Industrial-scale recommender systems rely on a cascade pipeline in which the retrieval stage must return a high-recall candidate set from billions of items under tight latency. Existing solutions ei- ther (i) suffer from limited expressiveness in capturing fine-grained user-item interactions, as seen in decoupled dual-tower architectures that rely on separate encoders, or generative models that lack precise target-aware matching capabilities, or (ii) build structured indices (tree, graph, quantization) whose item-centric topologies struggle to incorporate dynamic user preferences and incur prohibitive construction and maintenance costs. We present GRank, a novel structured-index-free retrieval paradigm that seamlessly unifies target-aware learning with user-centric retrieval.

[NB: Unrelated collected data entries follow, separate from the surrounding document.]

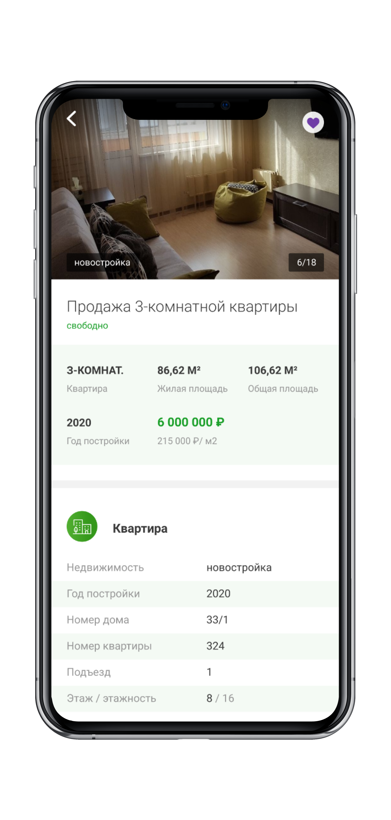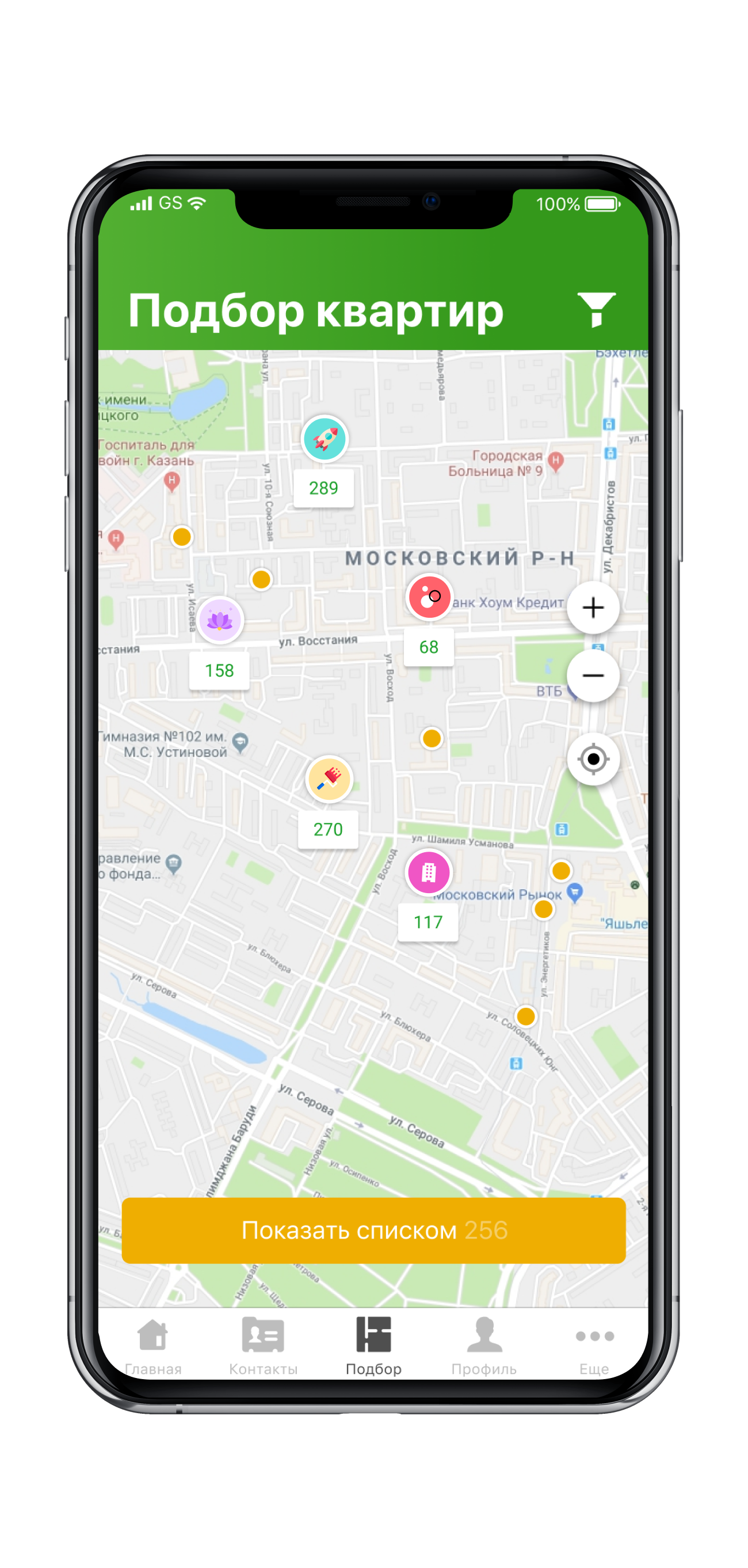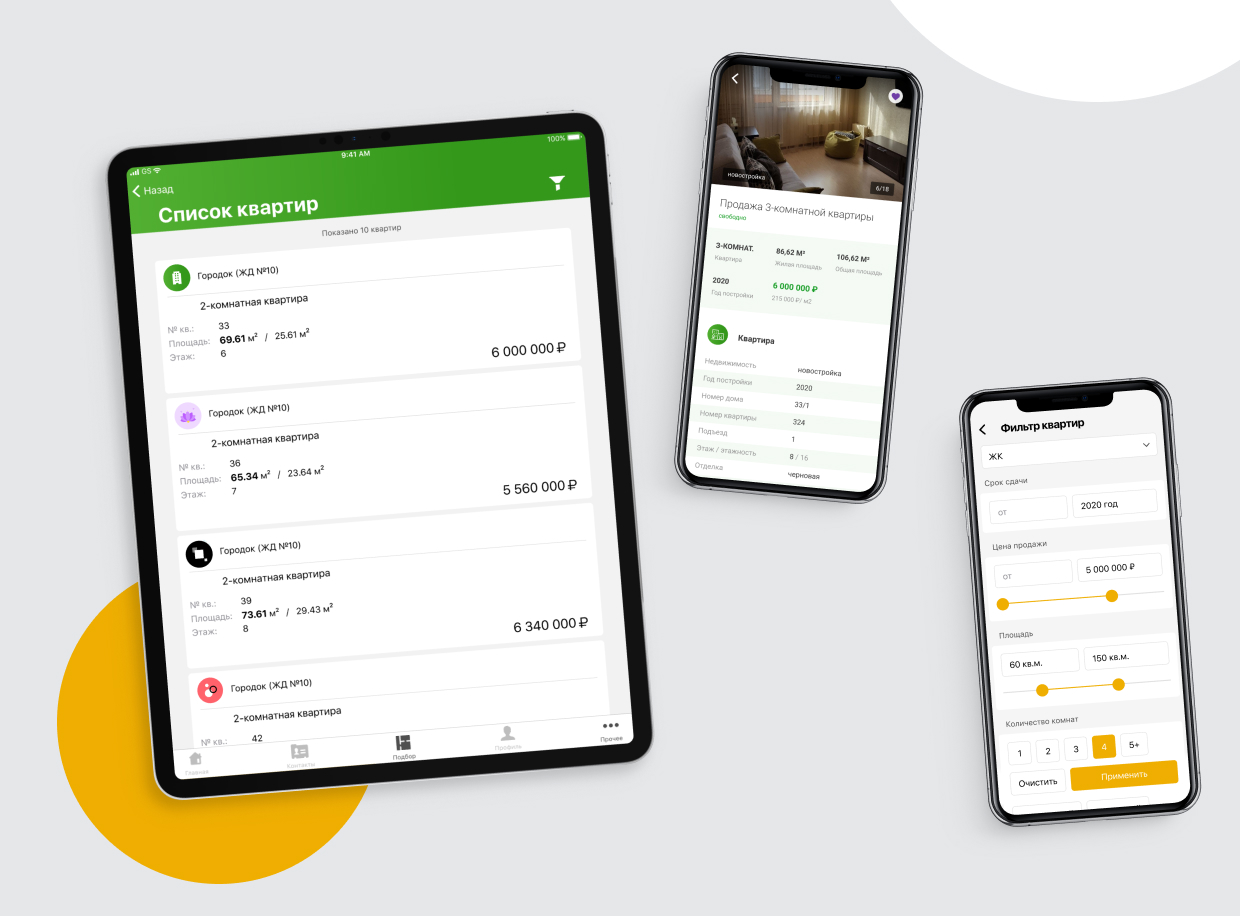 Покупка квартиры начинается с ее подбора. Поэтому важная часть приложения — это большой и удобный каталог недвижимости, который призван облегчить жизнь риелтору и его клиенту.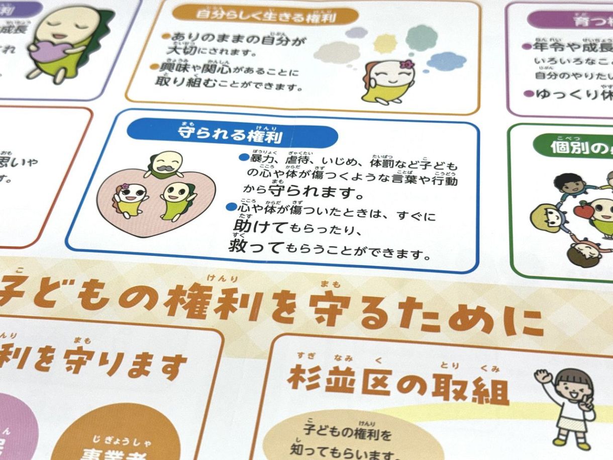 杉並区が作成する「区子どもの権利に関する条例」のパンフレット。いじめなどから守られる子どもの権利が紹介されている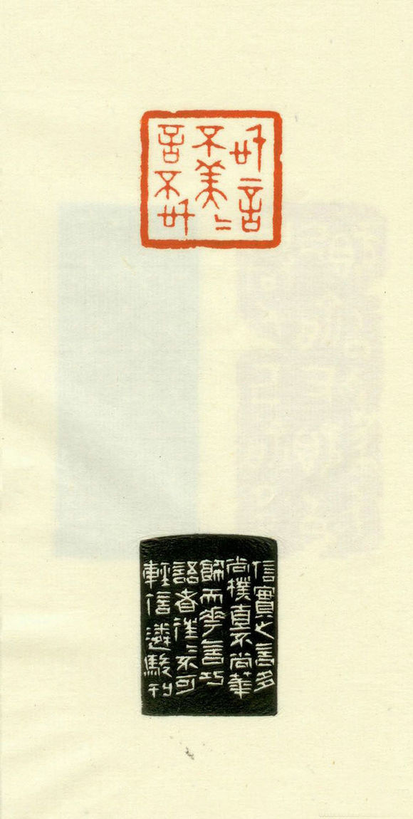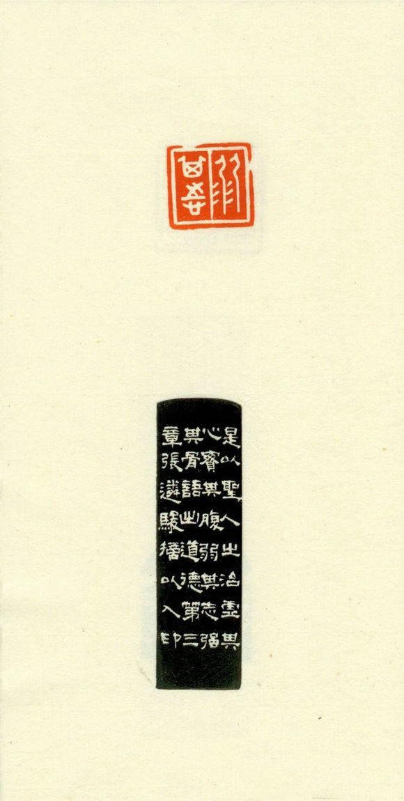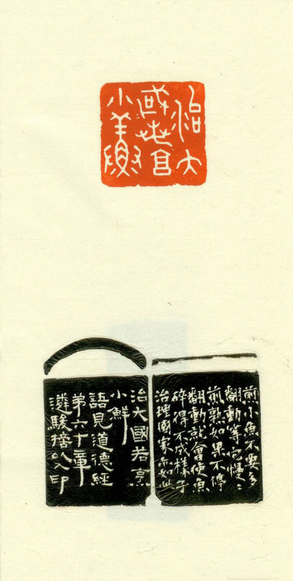 边款:煎小鱼不要多翻动,等它慢慢煎熟。如果不停翻动就会使鱼碎得不成样子。治理国家亦如此。治大国若烹小鲜。语见道德经,弟六十章,遴骏摘以入印。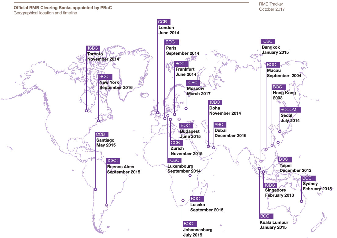 È evidente come negli ultimi anni a tale crescita sia corrisposta un’espansione globale, una ricerca puntuale di spazi entro i maggiori centri finanziari nazionali e internazionali del globo e, a ogni nuova filiale riconosciuta, un aumento percentuale a due cifre dell’impiego di RMB nelle transazioni (per esempio, l’aumento di utilizzo dei RMB nel commercio con gli USA dopo l’apertura della Bank of China a New York nel 2016 era stato, un anno esatto più tardi, del 17%).

Our key innovations include: (1) A target-aware Generator trained to perform personalized candidate generation via GPU-accelerated MIPS, eliminating semantic drift and maintenance costs of structured indexing; (2) A lightweight but powerful Ranker that performs fine-grained, candidate-specific inference on small subsets; (3) An end-to-end multi-task learning framework that ensures semantic consistency between generation and ranking objectives. Extensive experiments on two public benchmarks and a billion-item production corpus demonstrate that GRank improves Recall@500 by over 30% and 1.7$\times$ the P99 QPS of state-of-the-art tree- and graph-based retrievers. GRank has been fully deployed in production in our recommendation platform since Q2 2025, serving 400 million active users with 99.95% service availability. Online A/B tests confirm significant improvements in core engagement metrics, with Total App Usage Time increasing by 0.160% in the main app and 0.165% in the Lite version.

翻译：工业级推荐系统依赖级联管道，其中检索阶段必须在严苛时延约束下从数十亿候选项返回高召回率候选集。现有方案或存在以下局限：(i) 缺乏捕捉细粒度用户-物品交互的表示能力——如依赖独立编码器的解耦双塔架构，或缺乏精确目标感知匹配能力的生成模型；(ii) 构建结构化索引（树、图、量化）时，其以物品为中心的拓扑结构难以融入动态用户偏好，且面临高昂的构建与维护成本。我们提出GRank——一种无需结构化索引的新型检索范式，将目标感知学习与用户中心化检索无缝统一。核心创新包括：(1) 面向目标感知的生成器，通过GPU加速的MIPS实现个性化候选生成，消除语义漂移与结构化索引维护成本；(2) 轻量而强大的排序器，对小规模子集执行细粒度、候选感知的推断；(3) 端到端多任务学习框架，确保生成与排序目标的语义一致性。在两个公开基准与一个十亿级物品生产语料库上的大量实验表明，GRank将Recall@500提升超30%，P99 QPS达到现有最优树/图检索器的1.7倍。自2025年第二季度起，GRank已全面部署于我们的推荐平台生产环境，服务4亿活跃用户并保持99.95%服务可用性。线上A/B测试证实核心参与指标显著提升，主应用与精简版总应用使用时长分别提升0.160%与0.165%。